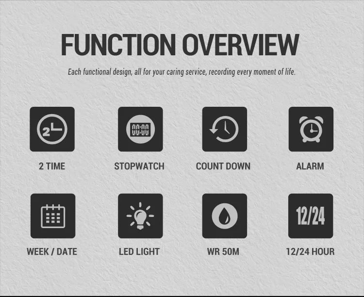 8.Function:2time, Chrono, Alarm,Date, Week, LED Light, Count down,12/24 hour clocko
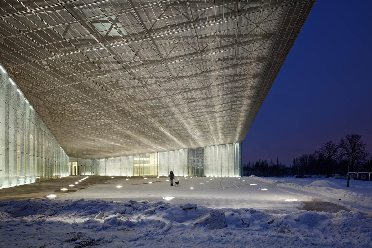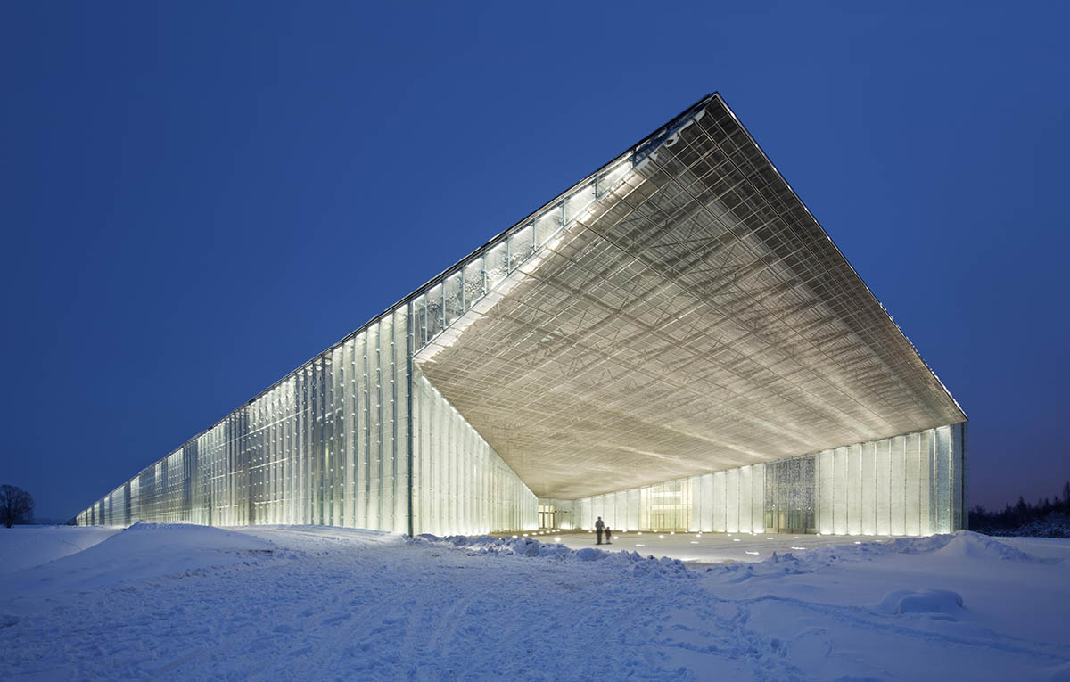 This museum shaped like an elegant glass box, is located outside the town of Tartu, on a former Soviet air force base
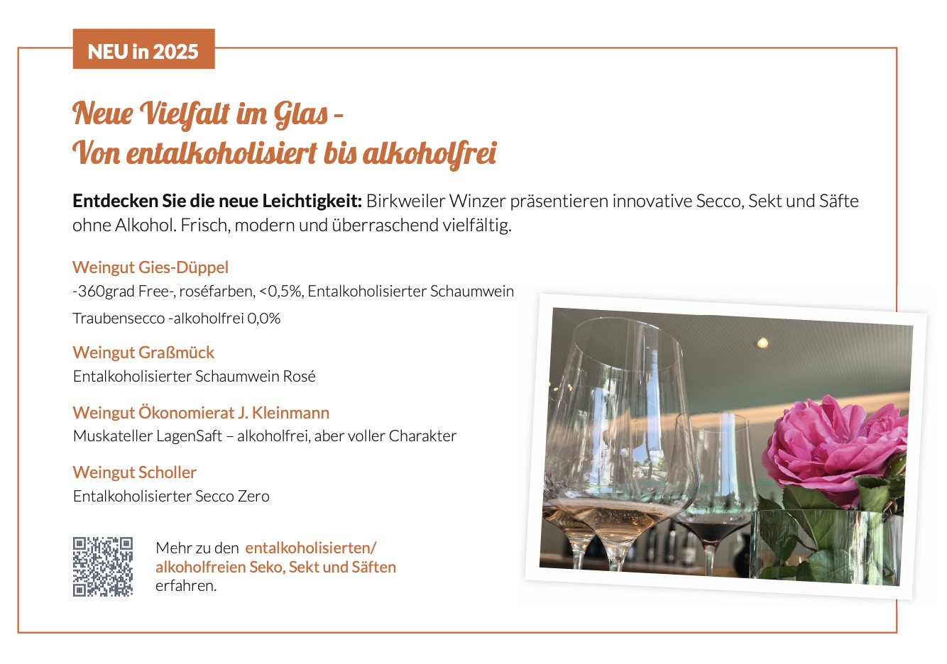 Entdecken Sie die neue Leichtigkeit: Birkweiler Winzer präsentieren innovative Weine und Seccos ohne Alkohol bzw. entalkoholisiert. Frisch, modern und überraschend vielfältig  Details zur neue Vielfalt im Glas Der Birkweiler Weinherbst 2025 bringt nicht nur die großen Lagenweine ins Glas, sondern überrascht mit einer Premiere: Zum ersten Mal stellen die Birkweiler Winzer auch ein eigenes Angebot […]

Exercise –
Reproduce the listing exactly, but keep its images out of the copy.

Task answer –
 8.Function:2time, Chrono, Alarm,Date, Week, LED Light, Count down,12/24 hour clocko
 This museum shaped like an elegant glass box, is located outside the town of Tartu, on a former Soviet air force base
 Entdecken Sie die neue Leichtigkeit: Birkweiler Winzer präsentieren innovative Weine und Seccos ohne Alkohol bzw. entalkoholisiert. Frisch, modern und überraschend vielfältig  Details zur neue Vielfalt im Glas Der Birkweiler Weinherbst 2025 bringt nicht nur die großen Lagenweine ins Glas, sondern überrascht mit einer Premiere: Zum ersten Mal stellen die Birkweiler Winzer auch ein eigenes Angebot […]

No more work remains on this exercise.